The second visualization tool I used is heatmap to understand the correlation of the model and know if there is a high correlation or low correlation between the features.

Figure 1: correlation heatmap
Looking at the heatmap I can see that most of the features has a high correlation. Also, that convex area and Area feature having a correlation of 1. Same thing with Compactness and Shape factor 3 feature. Furthermore, I did a scatter plot to see the correlation of the area and the perimeter which have a high correlation of 0.97.

Then I did a bubble plot to see the how is the correlation between compactness and shape factor is one. And I set the size of the bubble to be the area. As we can see in the plot the correlation is one, we also can see that in the middle of the correlation scatter the bigger area and on both end of the plot in the smallest area.

Looking these plots helped me decide to use a regression model for this problem since the model have a high correlation, I believe a Regression model would be very useful. Since this problem is a classification problem, I will use a Logistic Regression Model. Fitting a Logistic Regression algorithms, I get an accuracy score of 0%, which is really not realistic so I needed to make sure that may data is right. I looked at my data and found that my data is not randomize and my split was not right where my model wasn’t train right. So I needed to randomize the data and re do the algorithms. After randomizing the data and refit the model I got the accuracy score to be 91.13%. to ensure my model is right and I get a right validation accuracy I used Cross-validation where I got an accuracy mean score of 91.63% for 5-fold. To ensure that my accuracy is right I used the confusion metrics to get the precision, Recall, and F1-score.

Figure 2: Confusion Matrix for Logistic Regression

Figure 3: Precision, Recall, and F1-score of the logistic Regression
Random Forests Classifier
Then I used a RandomForestsClassifier model. Using a classifier model I got a high accuracy then the logistic Regression model. I got an accuracy of 92.48% when using the RandomForestsClassifier. To ensure the accuracy increase was because the classifier model did better than the Regression I compeered the confusion matrix and the precision, Recall, and F1-score between the two model.
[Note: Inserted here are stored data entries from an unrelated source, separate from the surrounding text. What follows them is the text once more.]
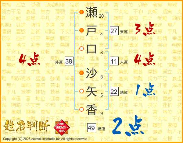 瀬戸口沙矢香さんの総運は49画の2点!
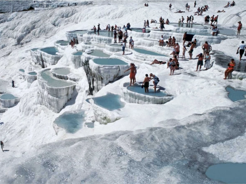 A wounded legion of troops came upon the thermal springs while withdrawing from combat, during the height of the Roman Empire.Many of the soldiers had suffered significant injuries, and they found that swimming in the waters high in calcium sped up their recovery dramatically.As word of this miracle grew throughout the empire, the old city of Hierapolis became a healing center.Rich Romans, thought to be blessed by Apollo personally, would travel thousands of miles to seek treatment in these seas, according historical accounts.Archaeological data confirms this myth; several of the unearthed objects reveal deditions to the god of healing and several medical tools applied in ancient spa treatments.Roman bath and treatment room remnants still exist today, evidence of the ongoing conviction in the therapeutic powers of the springs.
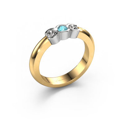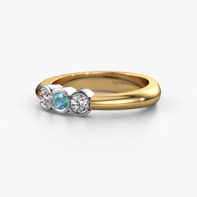 This extraordinary ring is called Lotte 3. This type of ring is known as a memoire ring, because its gemstones are set in a continuous line. This makes it easy to combine with other rings. The band of this 14 Carat gold ring is set in a combination of blue topaz and diamond 3 mm. You can easily choose the combination you prefer online. As you can see, a single blue topaz is set in this single alliance gold ring. The memoire ring represents collaboration. And that is precisely what these gemstones do, collaborate. Together they add a beautiful effect to the band of a modern ring! Such a meaningful ring, wouldn't you agree? All our hand selected blue topaz are positioned by hand by our expert goldsmith. It's a precise task, which can only be completed successfully through the combination of pure craftsmanship and usage of the latest techniques which give it an optimal effect. To create a perfect reflection of light, all the gemstones have to be perfectly aligned in the same way. During manufacturing, the expert goldsmith will therefore monitor the reflection of light constantly to check whether the blue topaz are aligned properly. This requires a skilled hand and a lot of patience but then the end product will be a true piece of art. And that is our mission!By using a combination of the latest modern techniques, combined with ancient crafting, we can make all our rings in our own studio. Each jewel is made to order. This is advantageous because we can offer you a price you won't find anywhere else.Our team of talented, passionate designers add new ring designs to our online collection daily. Our objective in doing so, is to be able to offer you a wide variety of jewels. Please feel free to request a quote if you have specific wishes for your ring. We guarantee to make you an offer you can't refuse.To make it easier for you, we offer a 30 day return policy. Check our terms and conditions.
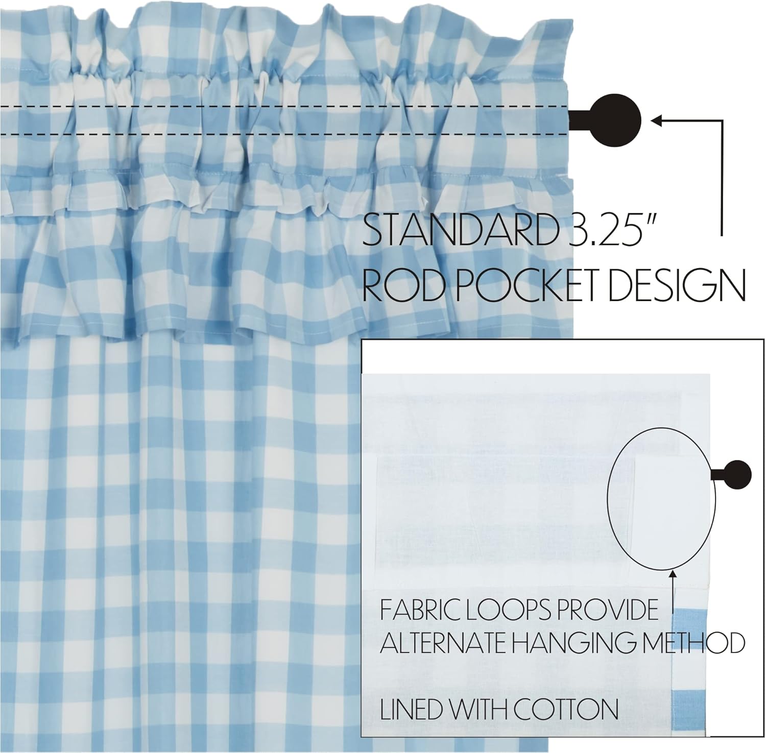 | Model Name | Farmhouse Curtains Annie Buffalo Check Rod Pocket Cotton Drawstring Ties Buffalo Check |
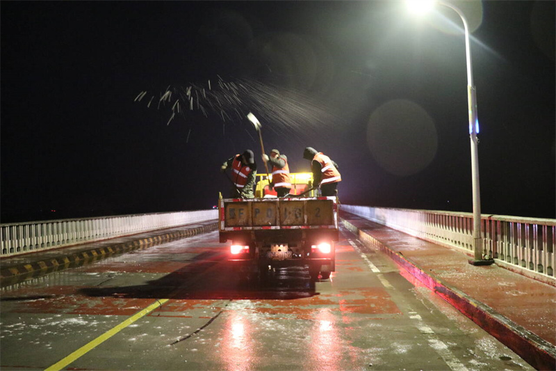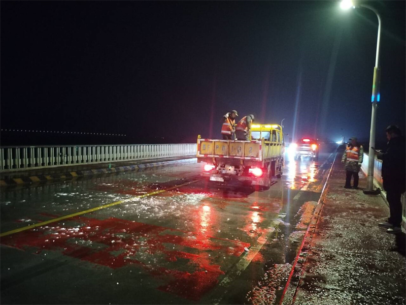 面對(duì)驟降的氣溫導(dǎo)致部分國(guó)、省干線(xiàn)道路出現(xiàn)凝凍現(xiàn)象,宜城市公路管理局迅速響應(yīng),按照惡劣天氣應(yīng)急預(yù)案,于當(dāng)晚23時(shí)左右,派遣28名養(yǎng)護(hù)工人乘坐6輛應(yīng)急救援車(chē)輛奔赴全市多個(gè)重要路段,包括但不限于宜城漢江大橋、倚天大橋、孔灣大橋、鶯河大橋、雷河大橋以及界山等區(qū)域,開(kāi)展融雪劑拋灑作業(yè),以融化積雪和預(yù)防道路結(jié)冰,保障行車(chē)安全。

Figure 4:Confusion Matrix for Random Forest

Figure 5: Precision, Recall, and F1-score of the Random Forests
XGBoost
Looking at figure 3 and figure 5 we can see that Random Forest model have a higher Precision, Recall, and F1-score than the logistic Regression. Another model I used was XGBoost which gave me the highest accuracy of all the model. XGBoost give me an accuracy of 92.67%.

Figure 6: Confusion Matrix for XGBoost

Figure 7:Precision, Recall, and F1-score of the XGBoost
After chinking the confusion matirx I can ensure that using an XGBoost will give us the highest accuracy score then random forest or logistic regression.